Olympus has announced the US Food and Drug Administration’s (FDA) de Novo classification of the non- surgical iTind device for the minimally invasive treatment of benign prostatic hyperplasia (BPH).
iTind was developed by Israeli-based medical device manufacturer Medi-Tate. Olympus holds the exclusive right to distribute Medi-Tate products in the US through an investment in the company.
Designed as a three-strut nitinol device, iTind can be placed during an in-office procedure. It expands over five days to generate channels that enable the urine to flow and reshape the prostate.
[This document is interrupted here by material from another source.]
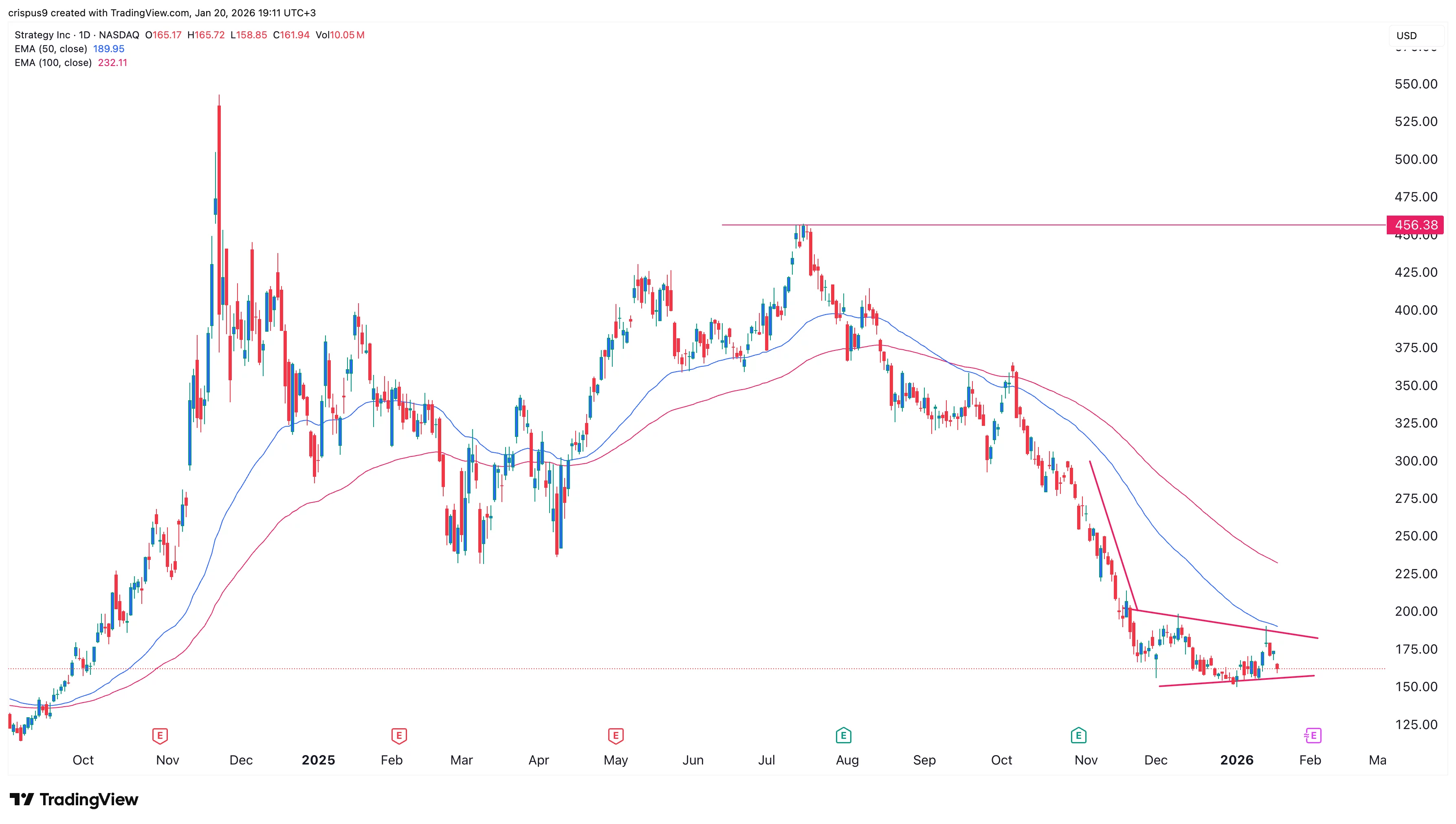 The daily timeframe chart shows that the Strategy stock price has pulled back in the past few months, moving from a high of $456 in July to the current $160.

Olympus COO Nacho Abia said: “We are very excited to take the next step in making this new minimally invasive BPH treatment available to patients in the US and to offer physicians the ability to treat patients in office settings.
“Our investment in Medi-Tate expands our patient care offerings in BPH, adding to our market-leading plasma resection portfolio for TURP. The agreement supports one of the company’s key strategic initiatives to drive growth in our urology business and expand our minimally invasive surgical solutions.”
BPH is considered to be the most common cause of lower urinary tract symptoms (LUTS). It is a common disease in ageing men. American Urological Association estimates that eight out of ten men will have BPH in their lifetime.
Commenting on the new development, Medi-Tate founder and CEO Ido Kilemnik said: “After over a decade in development and clinical trials, we are proud to bring this innovative and truly minimally invasive technology to the US market. We would like to thank the investors, clinical investigators, FDA de Novo team and all those who have contributed to making this platform such a success.”